Items from a data source:
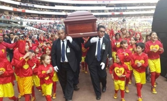 Al ataúd fue colocado en una enorme carpa en la cancha ante una cruz y dos grandes fotografías del actor. Su viuda, la también actriz Florinda Meza, se aproximó para depositar flores junto al féretro, no sin antes elevarlas en señal de agradecimiento al público.
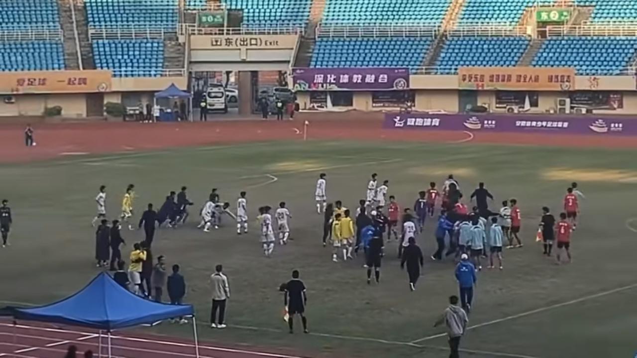 安徽青少年足球赛又出火爆场面,拳打脚踢,十几人的混战。 这些只是少年足球赛,这么有个性,这么有胆量,未来可期。 双方的场边工作人员也不甘示弱,加入到了战斗场面,特别有血性。 火爆的场面让裁判只能双方都罚下一人,以平息场面。 最终这场高中级别的比赛以芜湖以1:0战胜宿州队结束。
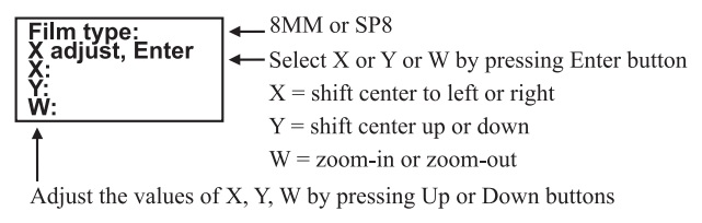 If your film is off-center, you can make adjustments of the Movie Register (the film center, X and Y and zoom-in/out factor on the screen). If frame adjustments are needed, make the changes before recording.
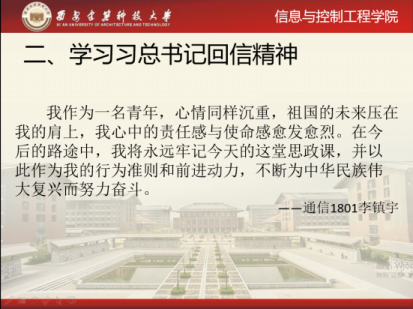 会议中,各支部书记带领全体学生党员以及积极分子共同学习领会《习近平给北京大学援鄂医疗队全体“90后”党员的回信》和《习近平给在首钢医院实习的西藏大学医学院学生的回信》两则回信精神。总书记在回信中向奋斗在疫情防控各条战线上的广大青年致以诚挚的问候,肯定了新时代中国青年的担当奉献。各党支部书记针对回信内容,带领大家进行集体学习,他们表示作为新时代的大学生党员,在国家和人民最需要的时候要挺身而出,这是新时代赋予我们的历史使命,我们应当认真履行职责,彰显蓬勃力量,交出合格答卷,争做有理想、有本领、有担当的青年一代。期间,支部成员针对回信内容,结合自己所见所闻,发表了个人对于回信精神的理解和感悟。
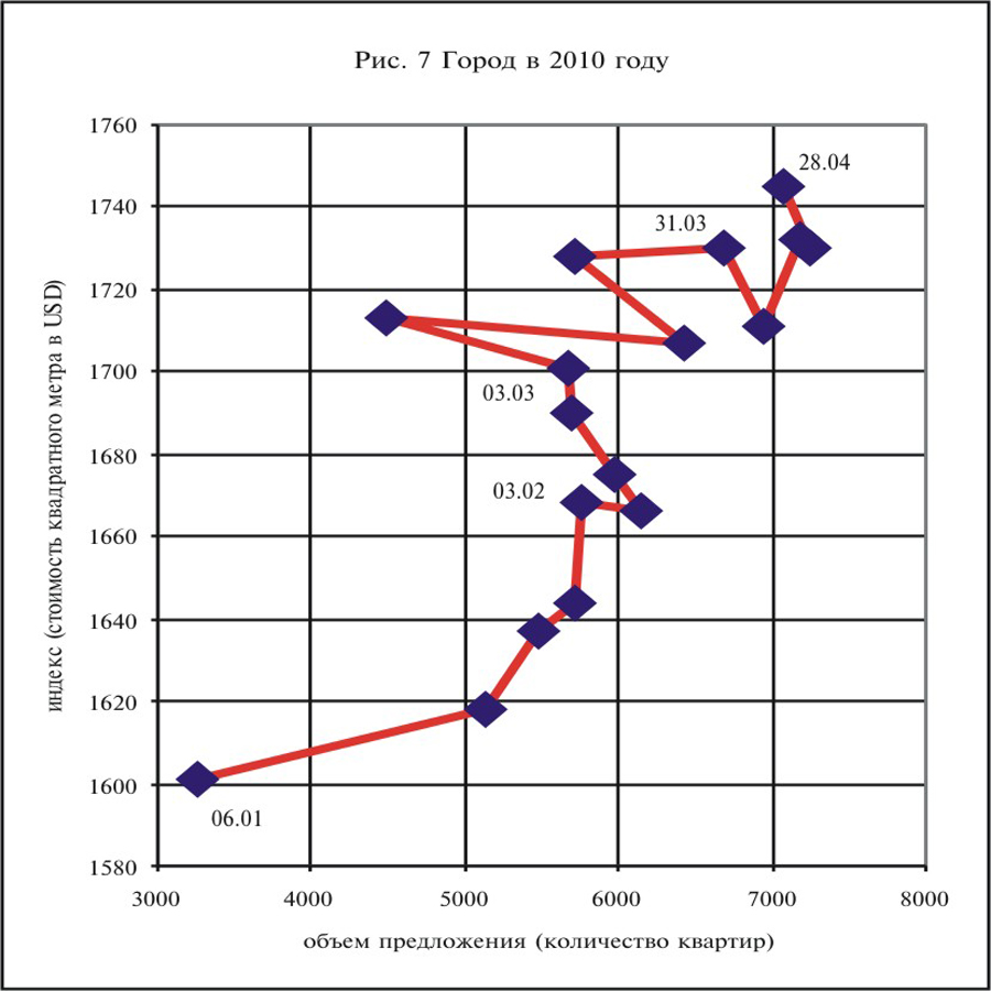 Линия на Рис. 7, постепенно удлиняясь с каждой неделей, наглядно показывает совокупное изменение во времени основных рыночных параметров города.
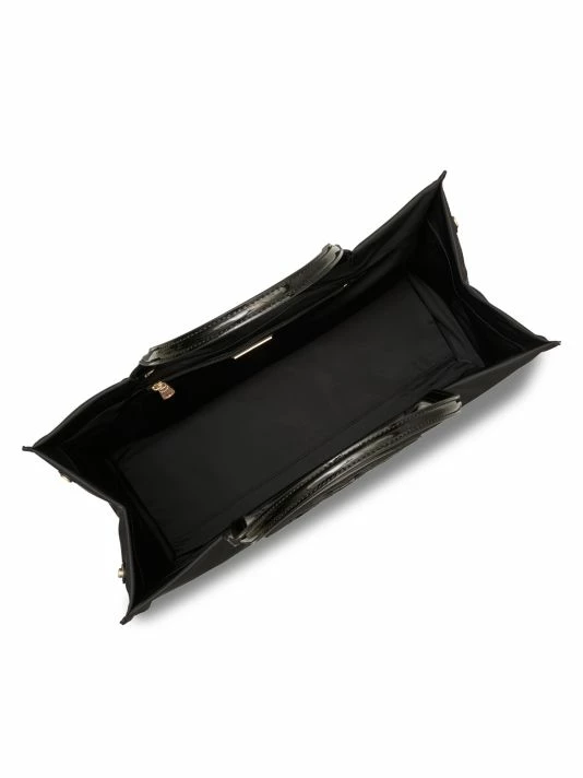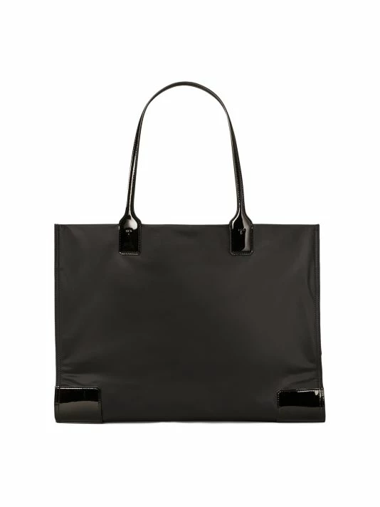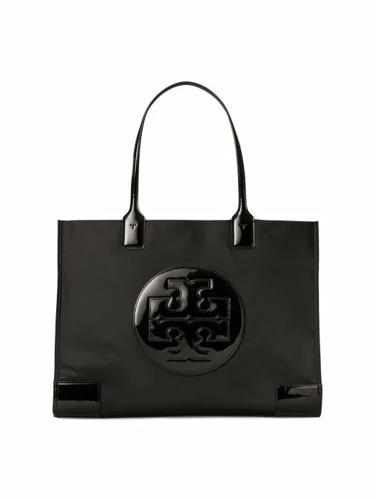 Utilitarian tote bag emblazoned with signature logo and highlighted with patent vegan leather trim.
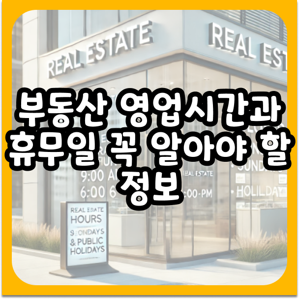 | 부동산 영업시간과 휴무일 꼭 알아야 할 정보 (0) | 2025.01.23 |
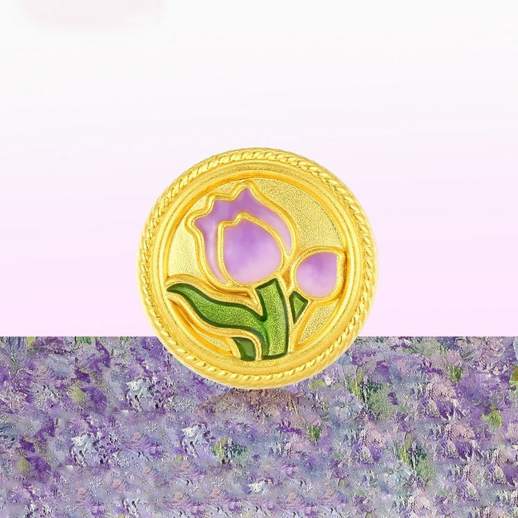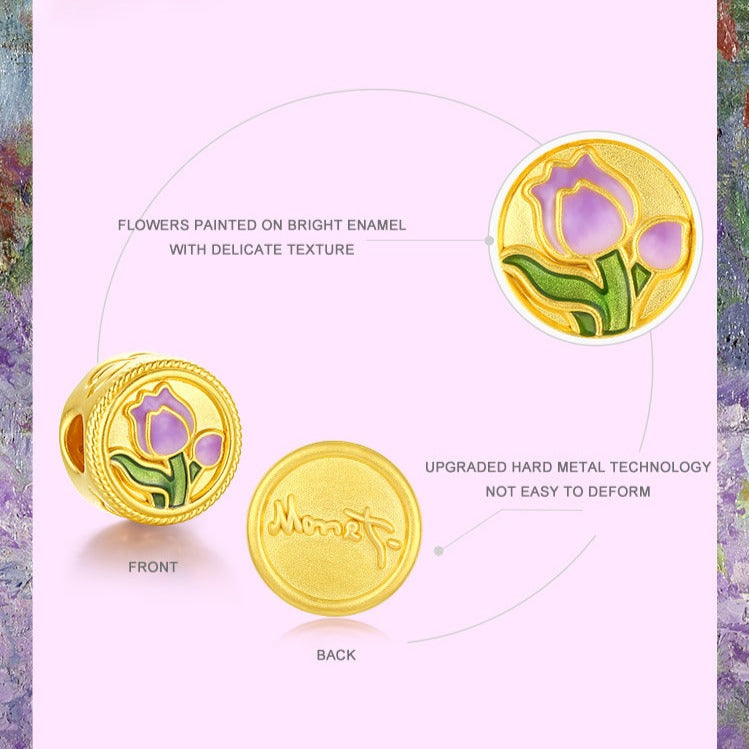 The design inspiration is based on the tulip elements of the garden in the painting The Artist's Garden at Giverny to refine the vivid and natural beauty of the tulips in the garden. Brightly colored enamel embellishes the tulip, making it more sweet and romantic.
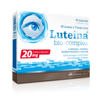 Suplement diety Olimp Luteina Bio Complex to bogate źródło wysokoskoncentrowanej luteiny, wspierającej pracę oraz zdrowie naszych oczu, oraz pozostałych składników aktywnych, jak witamina C, selen, cynk czy tauryna, które dodatkowo wzmacniają pozytywny wpływ preparatu na narząd widzenia i nie tylko. Suplementacja Olimp Luteina Bio Complex poprawia ostrość widzenia, ochraniając nasze oczy przed szkodliwą działalnością wolnych rodników oraz nadmierną ilością światła, wzmacnia odporność organizmu, a także eliminuje wolne rodniki, wykazując działanie neutralizujące. Co więcej, zawartość witaminy C w preparacie wspiera naturalną produkcję kolagenu w organizmie, usprawnia proces wchłaniania żelaza, oraz działa bakteriobójczo. Wraz z Olimp Luteina Bio Complex dostarczysz swoim oczom składników niezbędnych do zachowania ich zdrowia oraz prawidłowej pracy! Produkt dostępny w formie łatwych do połknięcia kapsułek.
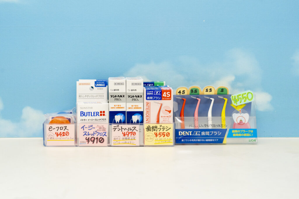 当院歯科衛生士がおススメする、歯ブラシ、タフト、歯間ブラシ、フロスなどご自宅でのケアをより効果的にするグッズも多数ございます。
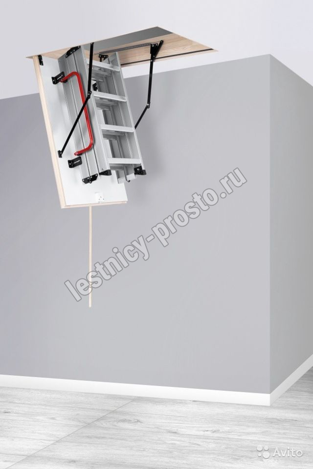 Складная 4-х секционная чердачная лестница. Рабочая поверхность полностью выполнена из алюминия. Термоизоляционная крышка типа "сэндвич" имеет усиленную теплозащиту, облицована с двух сторон ДВП белого цвета. По контуру короба имеется уплотнитель; Все металлические элементы лестницы покрыты порошковой краской.
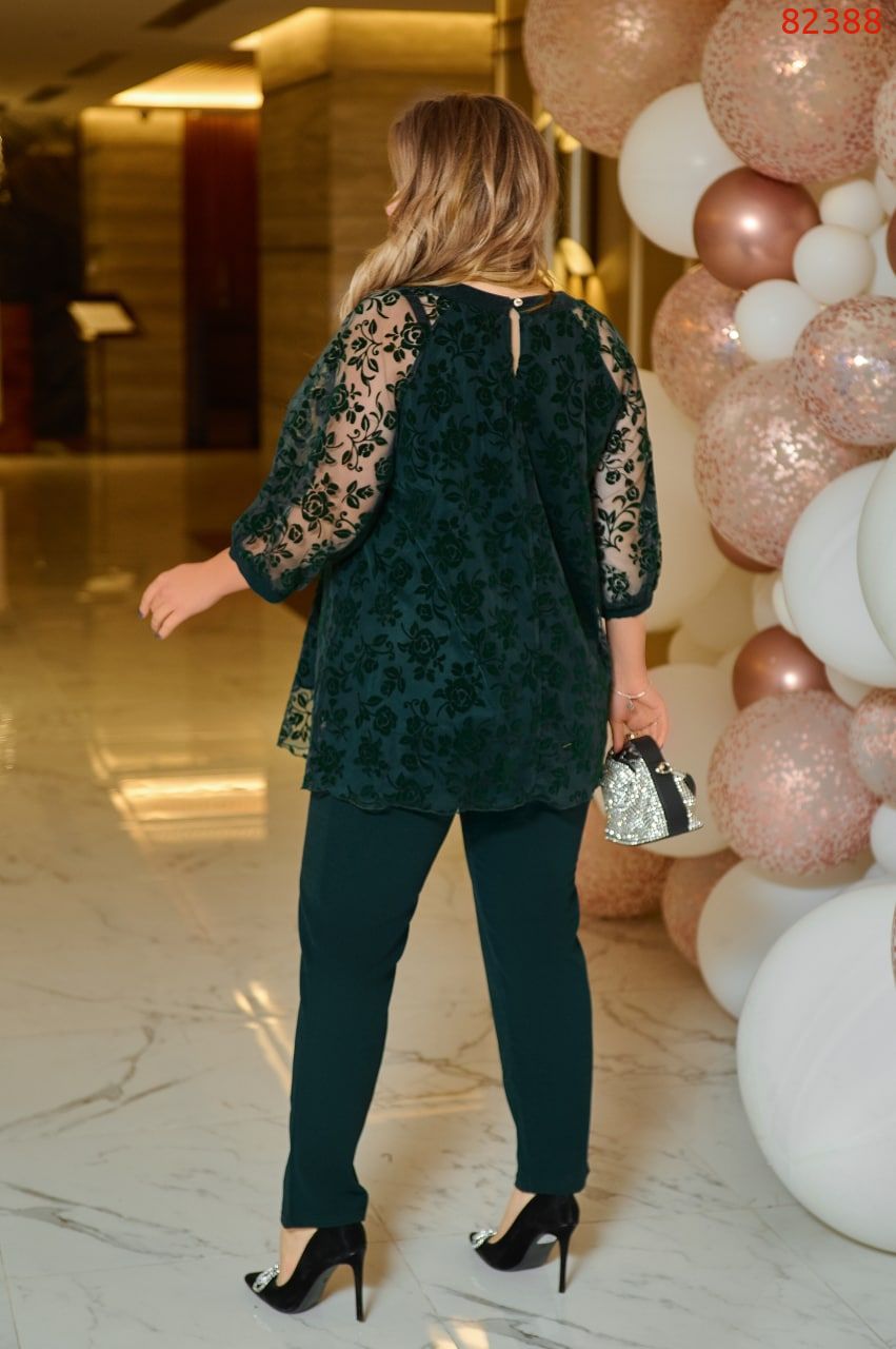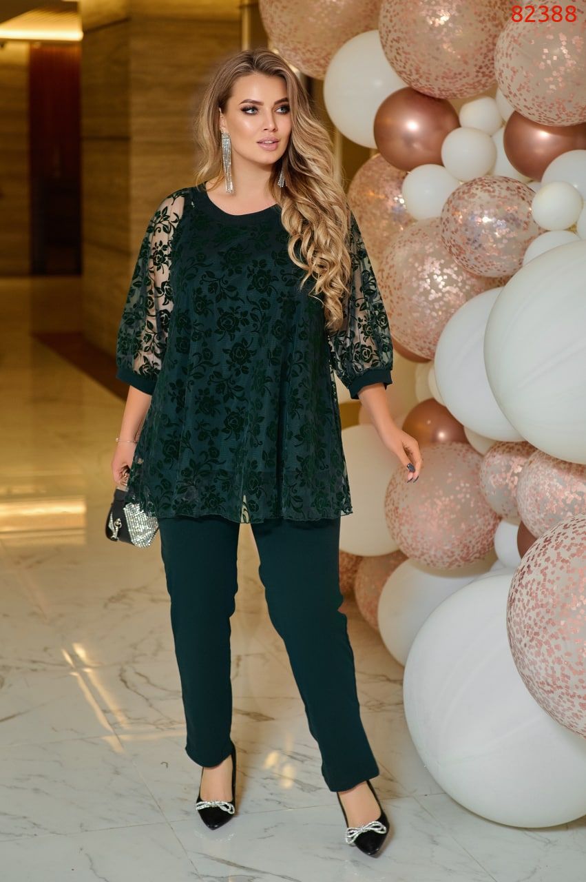 Комплект брючный. Блуза свободного покроя. Блузка со сборкой на горловине, оформленной декоративной планкой. По спинке средний шов. Рукав реглан. По низу рукава притачная манжета. Брюки классического кроя, слегка заужены к низу, на резинке.
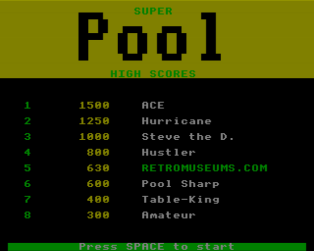 A straightforward Pool game, we all know the rules. And for 8bit graphical experiences a Pool game is well enough with what the 8bit machines offer.
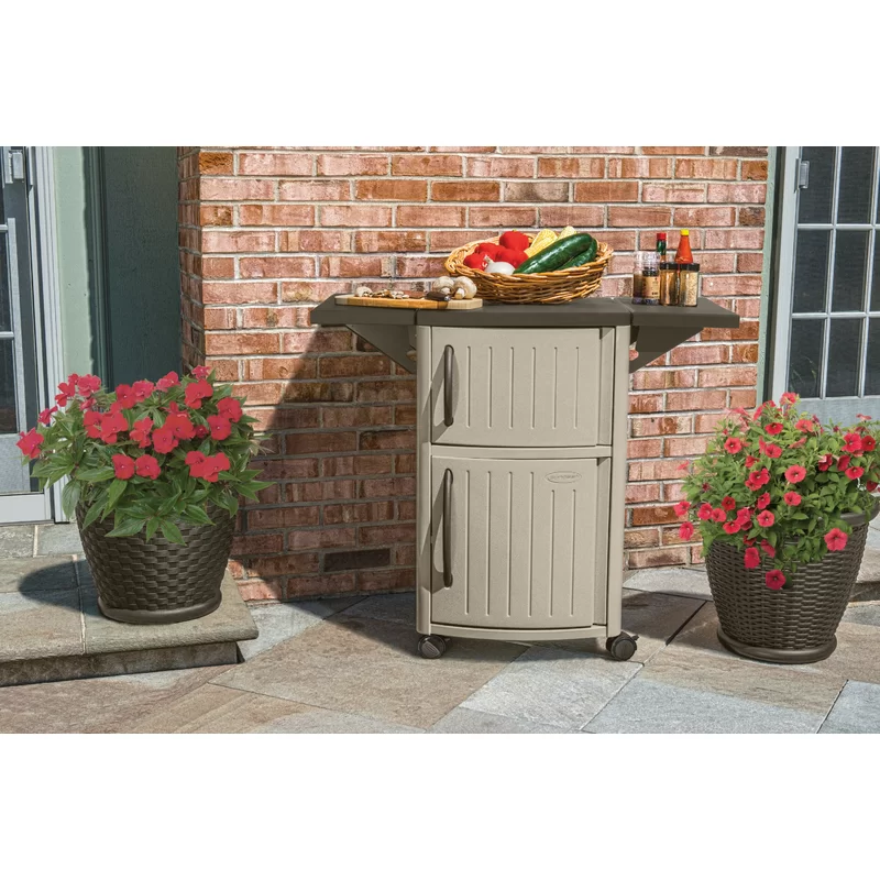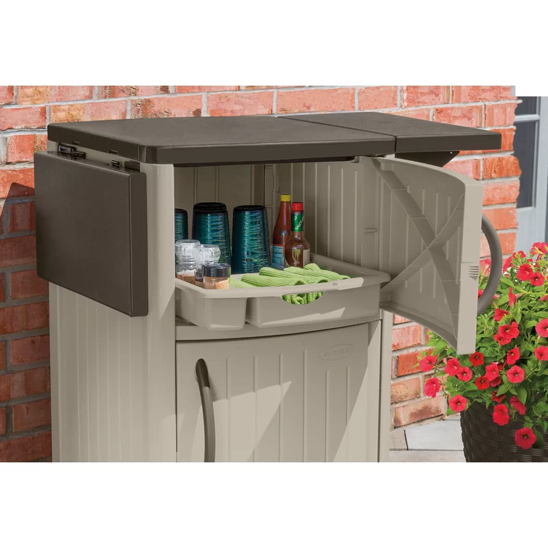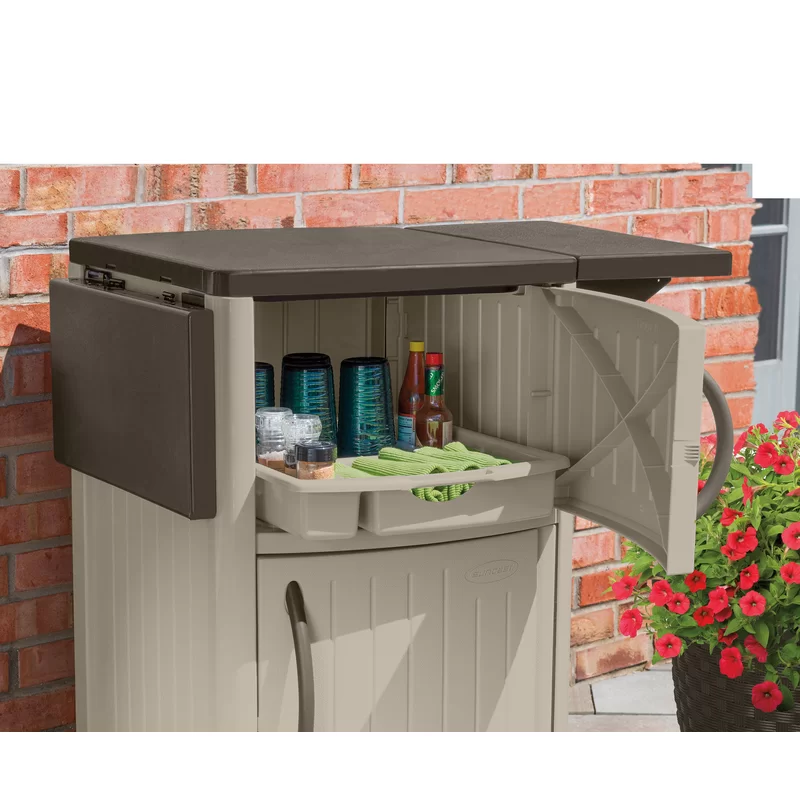 Suncast DCP2000 Outdoor Grilling Prep Station Table with Storage. Taupe/Brown

> [TASK DESCRIPTION] Please extract exactly the lines of the data, from the first through the line containing "The design inspiration", and add no pictures to the copy.

> [EXERCISE SOLUTION]
 Al ataúd fue colocado en una enorme carpa en la cancha ante una cruz y dos grandes fotografías del actor. Su viuda, la también actriz Florinda Meza, se aproximó para depositar flores junto al féretro, no sin antes elevarlas en señal de agradecimiento al público.
 安徽青少年足球赛又出火爆场面,拳打脚踢,十几人的混战。 这些只是少年足球赛,这么有个性,这么有胆量,未来可期。 双方的场边工作人员也不甘示弱,加入到了战斗场面,特别有血性。 火爆的场面让裁判只能双方都罚下一人,以平息场面。 最终这场高中级别的比赛以芜湖以1:0战胜宿州队结束。
 If your film is off-center, you can make adjustments of the Movie Register (the film center, X and Y and zoom-in/out factor on the screen). If frame adjustments are needed, make the changes before recording.
 会议中,各支部书记带领全体学生党员以及积极分子共同学习领会《习近平给北京大学援鄂医疗队全体“90后”党员的回信》和《习近平给在首钢医院实习的西藏大学医学院学生的回信》两则回信精神。总书记在回信中向奋斗在疫情防控各条战线上的广大青年致以诚挚的问候,肯定了新时代中国青年的担当奉献。各党支部书记针对回信内容,带领大家进行集体学习,他们表示作为新时代的大学生党员,在国家和人民最需要的时候要挺身而出,这是新时代赋予我们的历史使命,我们应当认真履行职责,彰显蓬勃力量,交出合格答卷,争做有理想、有本领、有担当的青年一代。期间,支部成员针对回信内容,结合自己所见所闻,发表了个人对于回信精神的理解和感悟。
 Линия на Рис. 7, постепенно удлиняясь с каждой неделей, наглядно показывает совокупное изменение во времени основных рыночных параметров города.
 Utilitarian tote bag emblazoned with signature logo and highlighted with patent vegan leather trim.
 | 부동산 영업시간과 휴무일 꼭 알아야 할 정보 (0) | 2025.01.23 |
 The design inspiration is based on the tulip elements of the garden in the painting The Artist's Garden at Giverny to refine the vivid and natural beauty of the tulips in the garden. Brightly colored enamel embellishes the tulip, making it more sweet and romantic.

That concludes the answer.